The Concept Generator project takes a systematic approach to the world of concepts by harnessing the power of ChatGPT 3.5. With Concept Generator, you can:
- Initiate the creation of an interrelated concept network from a user-defined starting concept
- Evaluate concepts across any dimension, providing valuable insights into the spectrum of thought
- Generate clear and concise summaries for each concept, making complex ideas more accessible
The project produces data that can be useful for:
- Learning new concepts
- Enhancing the understanding of concepts already known
- Acquiring knowledge about the interconnections between concepts
- Categorizing and rating concepts across various dimensions
In essence, the data generated by this project can improve one's conceptual thinking skills, better equipping individuals to interact with the world around them.
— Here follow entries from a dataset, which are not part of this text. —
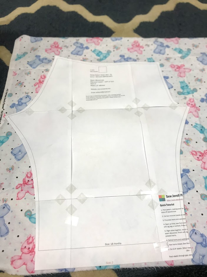 I ended up finding a free sewing pattern from Sew Jereli, which I located through AllFreeSewing. The pattern was super easy; just print and put it together! Easy for a beginner, and very quick. I sewed up both pairs in two nights after the kids went to bed (for reference, that means I start around 8 and finish around 10. That is, if Saira is cooperating and will go to sleep right away!)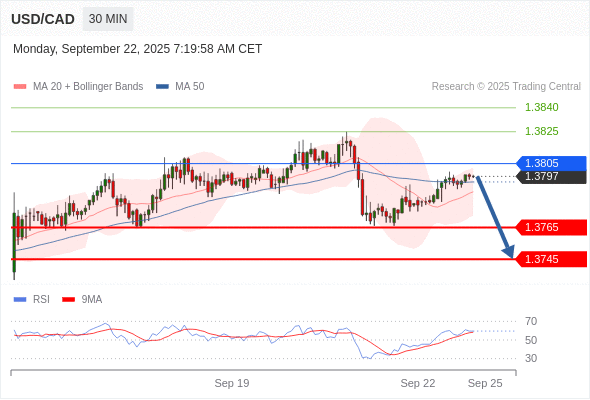 在 1.3805 之下,看跌,目标价位为 1.3765 ,然后为 1.3745 。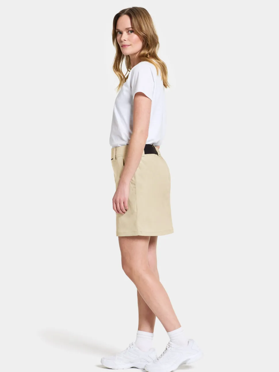 Takana oleva joustava vyötärö takaa joustavan istuvuuden, ja sisäänrakennetut sisäshortsit joustavasta materiaalista tarjoavat lisämukavuutta ja turvallisuutta. Hameessa on PFC-vapaa vettähylkivä pinta, joten se on sekä toimiva että tyylikäs.
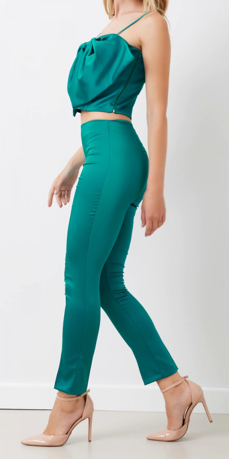 Pantaloni in raso strutturato color verde laguna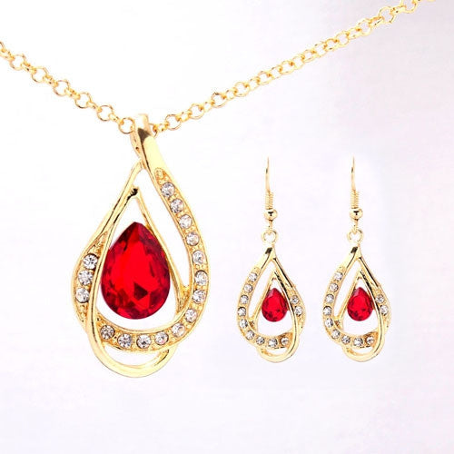 Wedding Jewelry 18k Yellow Gold Plated Sapphire Austrian Crystal Necklace+Earrings Jewelry Sets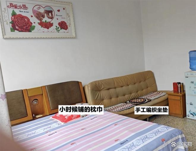 小时候的枕巾用到了现在,依旧散发着洗衣粉的香味,沙发座椅的坐垫也是自己做的,质朴中透着一阵美感。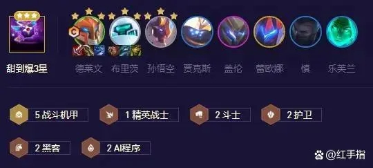 陣容組成:布里茨、孫悟空、德萊文、慎、樂芙蘭、賈克斯、卡蜜爾/蓋倫、沃里克/蕾歐娜陣容羈絆:3/5戰(zhàn)斗機甲2/4/6AI2斗士2護衛(wèi)2黑客1精英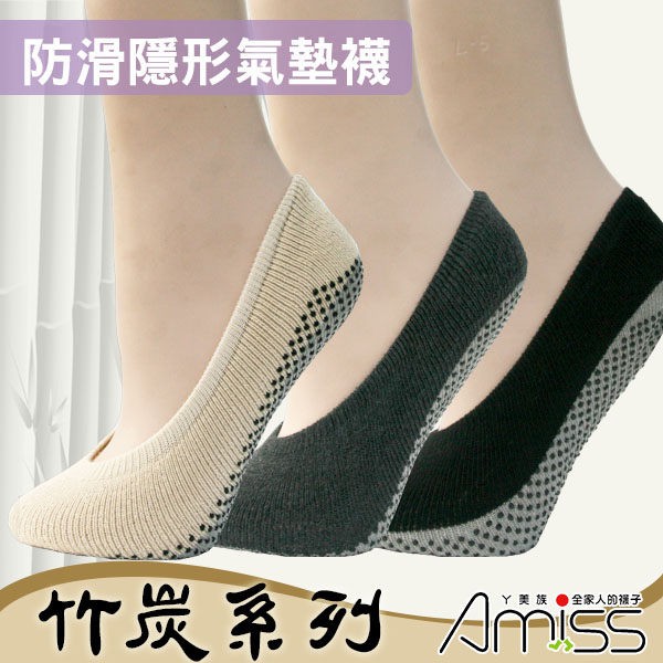 【Amiss】竹炭-防滑-氣墊毛巾底隱形襪【3雙入】(C305-2)黑灰色-3雙入|膚色-3雙入SocksAmiss全家人的襪子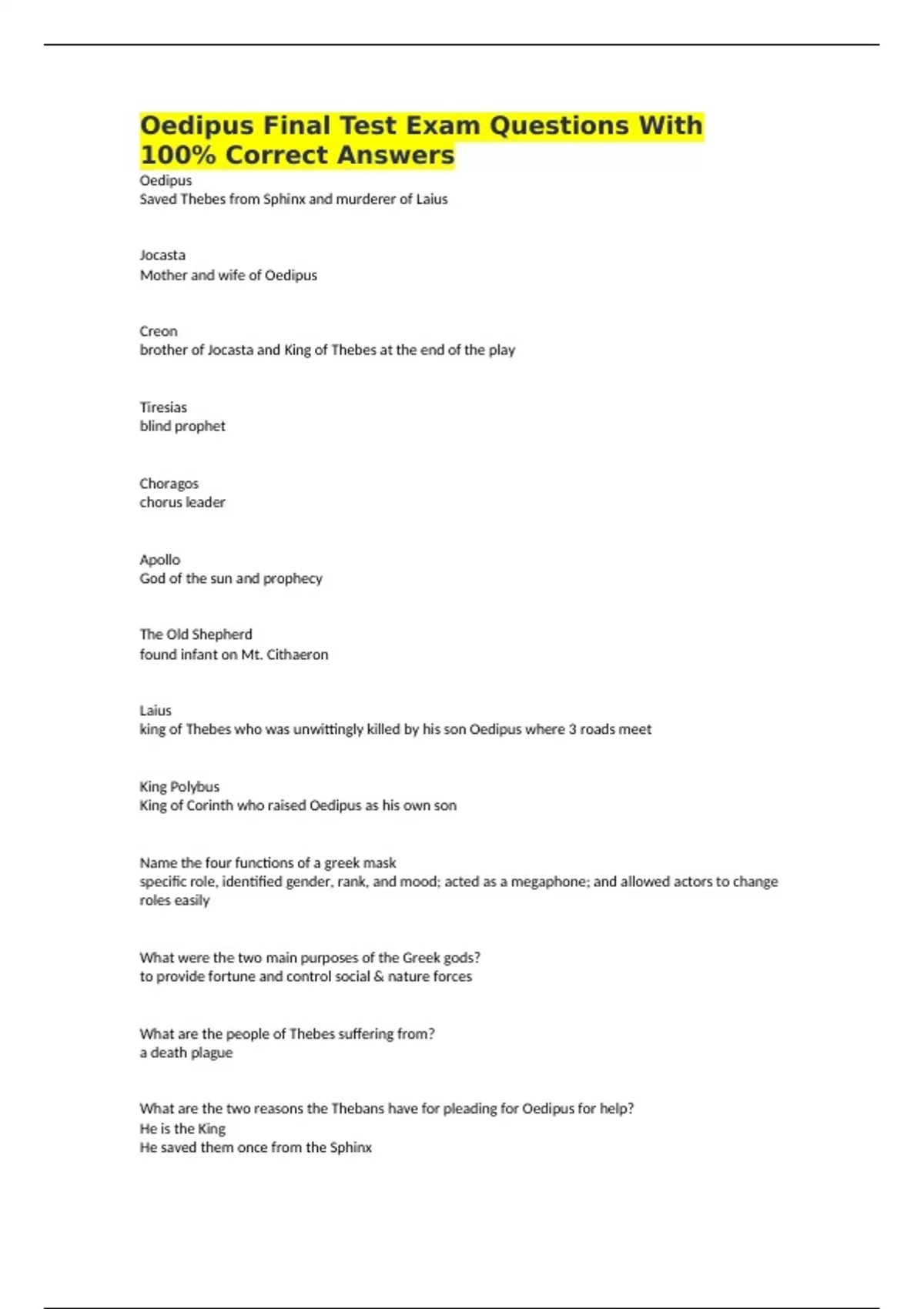 Oedipus Final Test Exam Questions With 100% Correct Answers Oedipus Saved Thebes from Sphinx and murderer of Laius Jocasta Mother and wife of Oedipus Creon brother of Jocasta and King of Thebes at the end of the play Tiresias blind prophet Choragos chorus leader Apollo God of the sun and prophecy The Old Shepherd found infant on Mt. Cithaeron Laius king of Thebes who was unwittingly killed by his son Oedipus where 3 roads meet King Polybus King of Corinth who raised Oedipus as his own son Name the four functions of a greek mask specific role, identified gender, rank, and mood; acted as a megaphone; and allowed actors to change roles easily What were the two main purposes of the Greek gods? to provide fortune and control social & nature forces What are the people of Thebes suffering from? a death plague What are the two reasons the Thebans have for pleading for Oedipus for help? He is the King He saved them once from the Sphinx What is an oracle? a divine message from the gods Who was murdered? King Lauis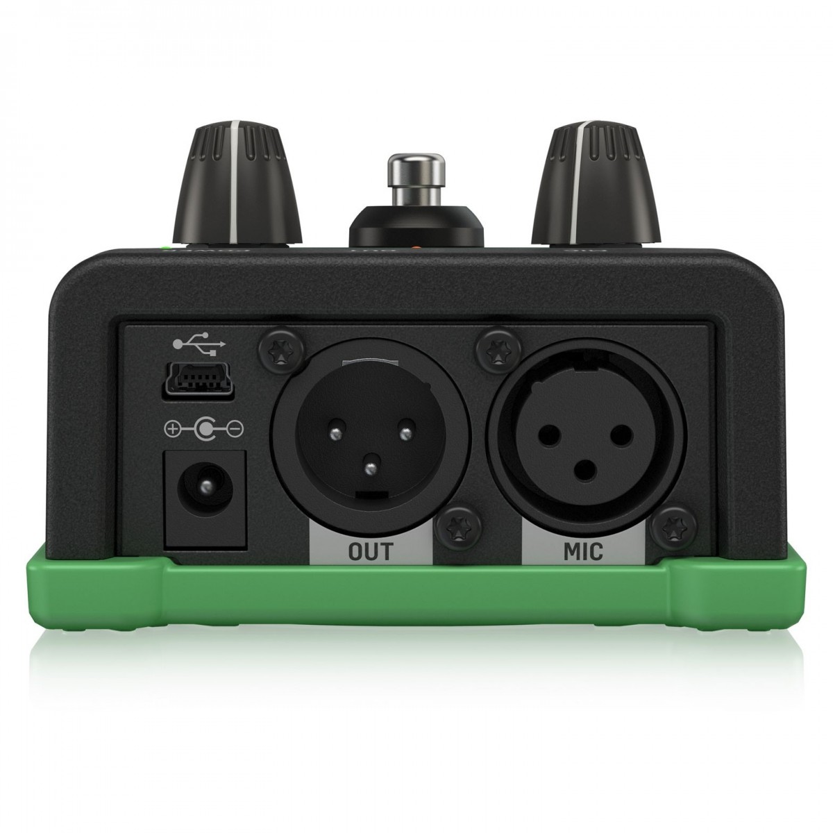 • Conectores: Sym. XLR, porta USB (para ligação à aplicação VoiceSupport para dicas, truques e actualizações), ligação Mic-Control (efeito ligado/desligado através do microfone TC-Helicon MP-75)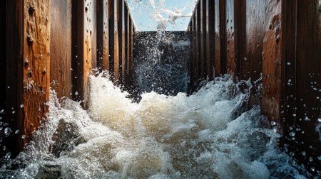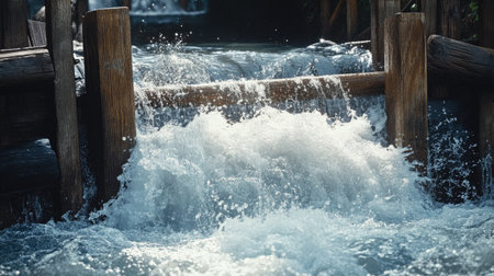 A captivating view of water flowing swiftly through a wooden barrier, creating stunning splashes and dynamic motion in bright sunlight.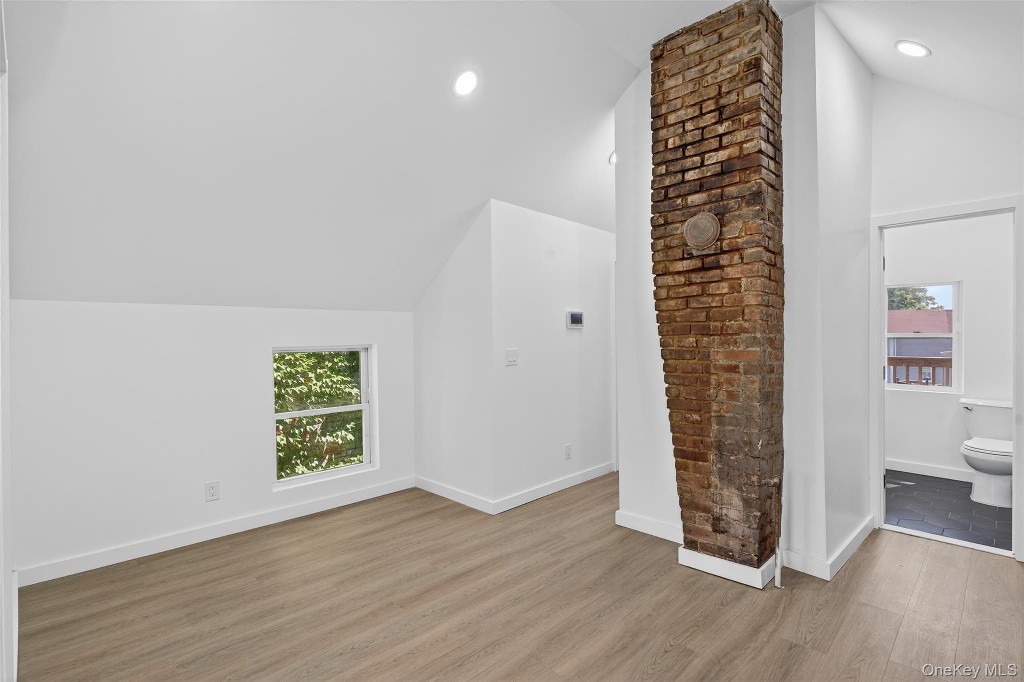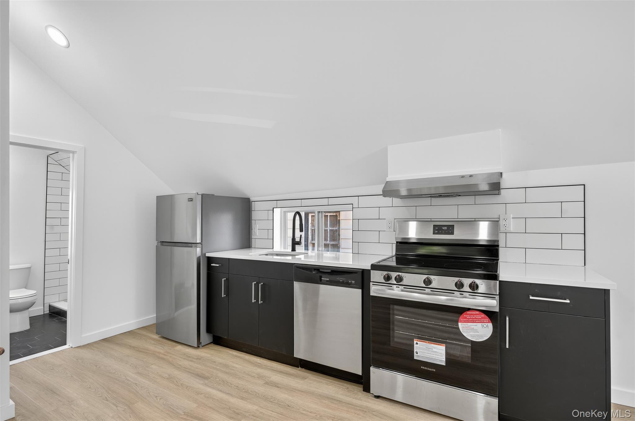 Discover modern comfort and convenience in this beautifully renovated one-bedroom apartment located in a charming three-unit building in the heart of Goshen, NY. Designed with both style and efficiency in mind, this apartment features a contemporary kitchen equipped with stainless steel Frigidaire appliances, including a refrigerator, dishwasher, and sleek stainless steel hood. The space is accented by exposed shelving, white subway tile with striking black grout, black faucets, and stainless steel hardware, all brought together by recessed lighting that adds warmth and sophistication. Inside, you'll find oak-colored laminate flooring throughout, complemented by black door hardware accents and energy-efficient split units for both heating and cooling. The in-unit GE washer and dryer combo offers added convenience, while the Airthereal electric tankless on-demand water heater ensures you're never without hot water. The bathroom boasts stylish hexagon tile flooring, LED smart mirror and black fixtures that tie seamlessly into the modern design. This well-insulated home also includes Energy Star-rated windows and doors, an automatic fire safety alarm system, individual electric panel, and in-unit security system for peace of mind. Step outside to enjoy a newly stamped patio and access to a shared, fenced-in yard—ideal for relaxing or entertaining. The building features brand-new siding and sits directly across from the Goshen public parking lot, making parking effortless. Best of all, you’re just a short walk to downtown Goshen’s vibrant shops, restaurants, parks, trails, library, and cafes, offering the perfect blend of village charm and everyday convenience. Modern, stylish, and walkable—this third story one-bedroom apartment checks all the boxes. Don’t miss your chance to live in the heart of Goshen. Schedule a tour today!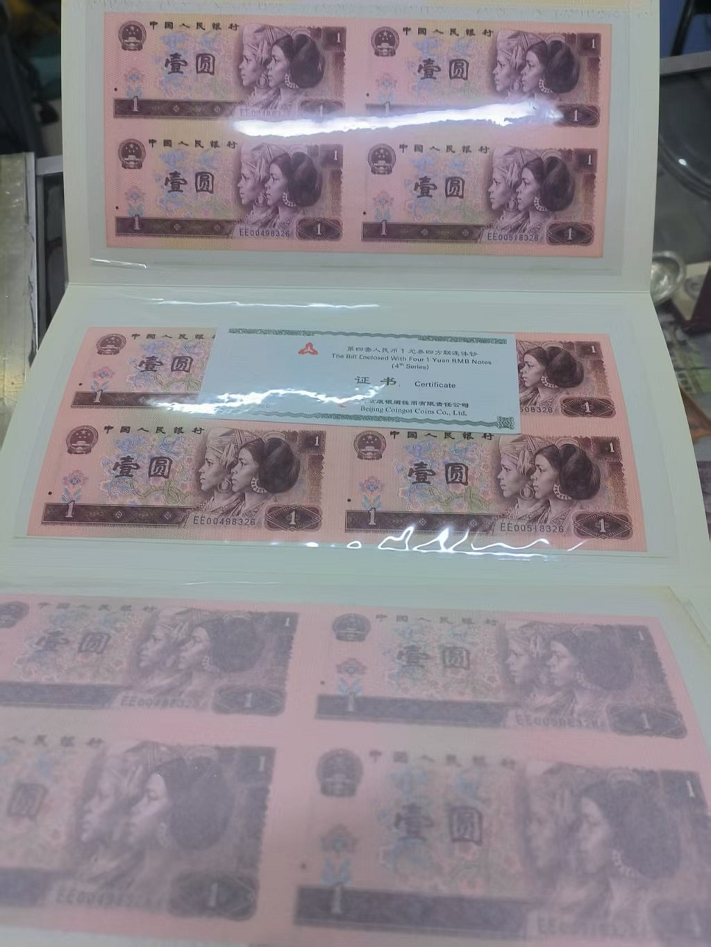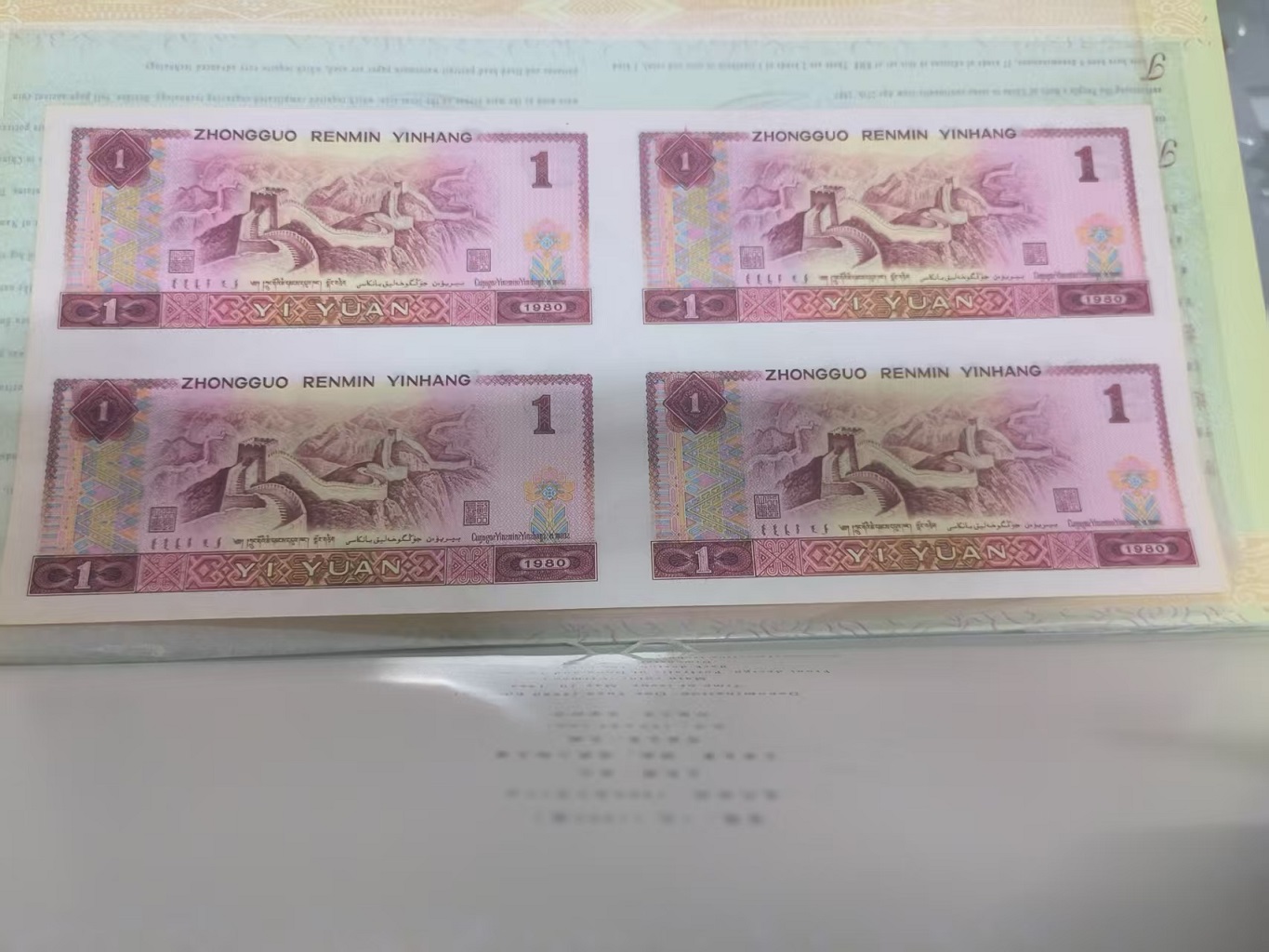 1元四连体一本,801元背面两个边上发黄,售价1320元,请看图,电话联系13303296298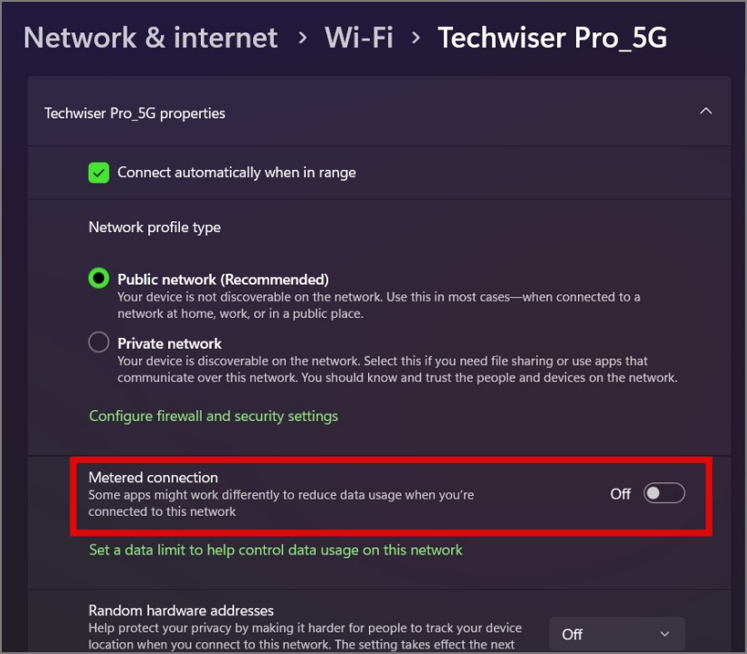 4. Por último, deshabilite el interruptor junto a Conexión medida.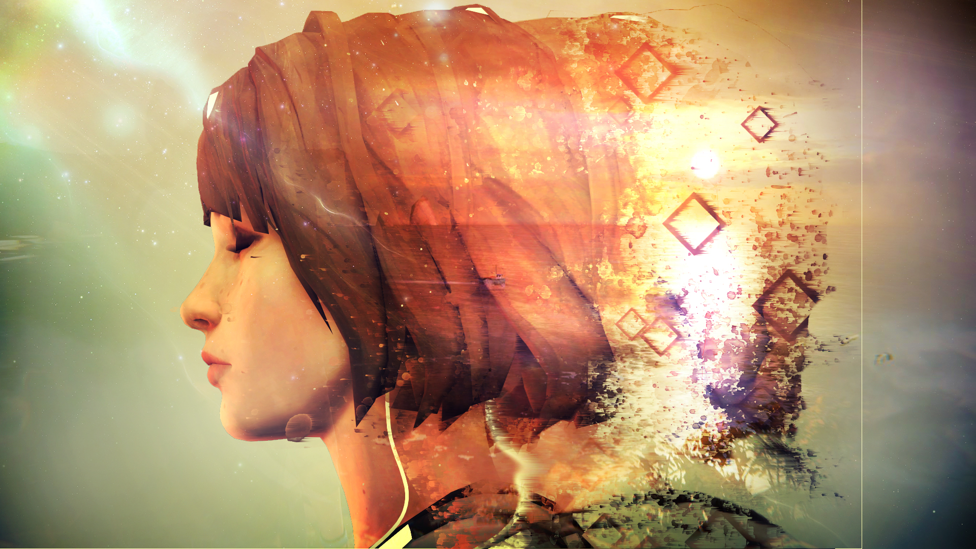 Description: A digital painting of a woman with headphones on her ears and a background of squares and diamonds and a diamond.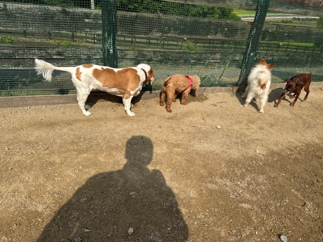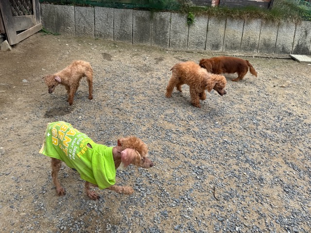 ワンコの散歩、暑さ対策をされて皆さん頑張られています。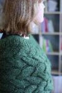 Braided cable cape with ribbing.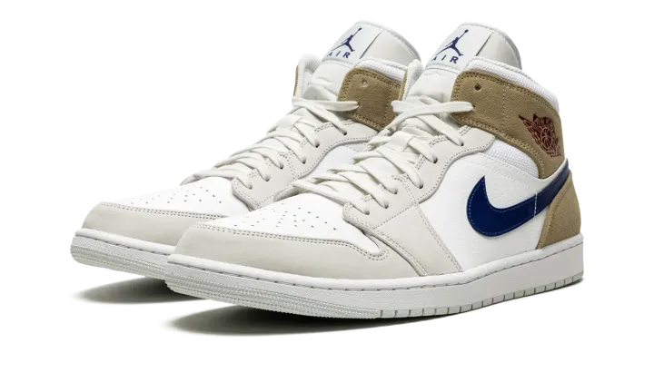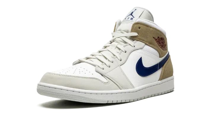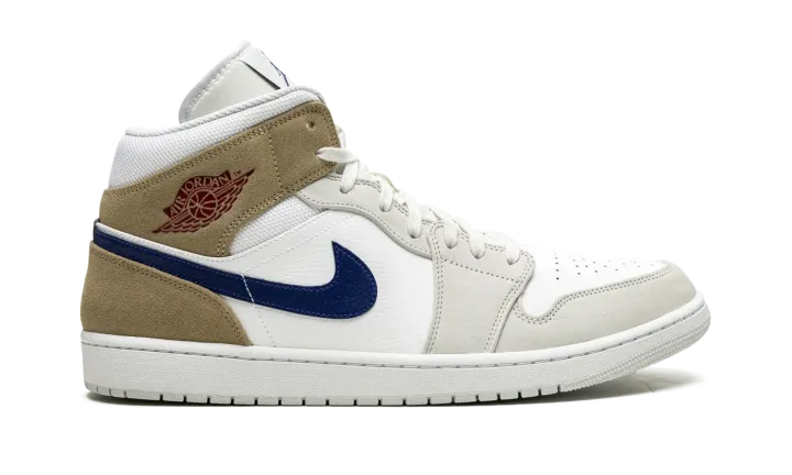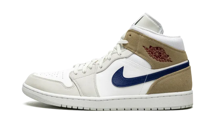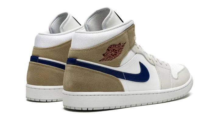 The Air Jordan 1 Mid "Tan Suede" is a colorway of the popular mid-top lifestyle shoe that can be worn with ease in all four seasons. An essential component of any great sneaker collection, the Jordan 1 Mid is both comfortable and timeless in design. On the "Tan Suede," the shoe's upper features white leather on the perforated toe and mid-panel. The forefoot and eyelet overlays are designed in light grey suede. A Blue Void-colored leather Swoosh is found on the sides and a dark red "Wings" logo resides on the collar. The collar overlay and heel are featured in khaki suede. A blue Jumpman logo appears above the "Air" branding on the white nylon tongue tag.

The project is designed for learners, educators, researchers, and anyone curious about the intricacies of human thought.
Additionally, explore ConceptExplorer, the application-side sister project that complements this endeavor.
To run this project locally, follow these 5 steps:
-
Installation: Ensure you have Python 3.9.5 or a more recent version installed on your system.
-
Clone the Repository:
git clone https://github.com/JoelHKV/ConceptGenerator.git
- Install Dependencies: Navigate to the project directory and install dependencies:
pip install -r requirements.txt
-
Configuration: Set up API keys. Refer Section API Keys for details.
-
Run the Project: Execute the main script
ConceptGenerator.py
. Refer Section Data Generation and Post-Processing for details. -
Explore the Output: Check the project's output at Google Firestore or local files saved in the data-folder.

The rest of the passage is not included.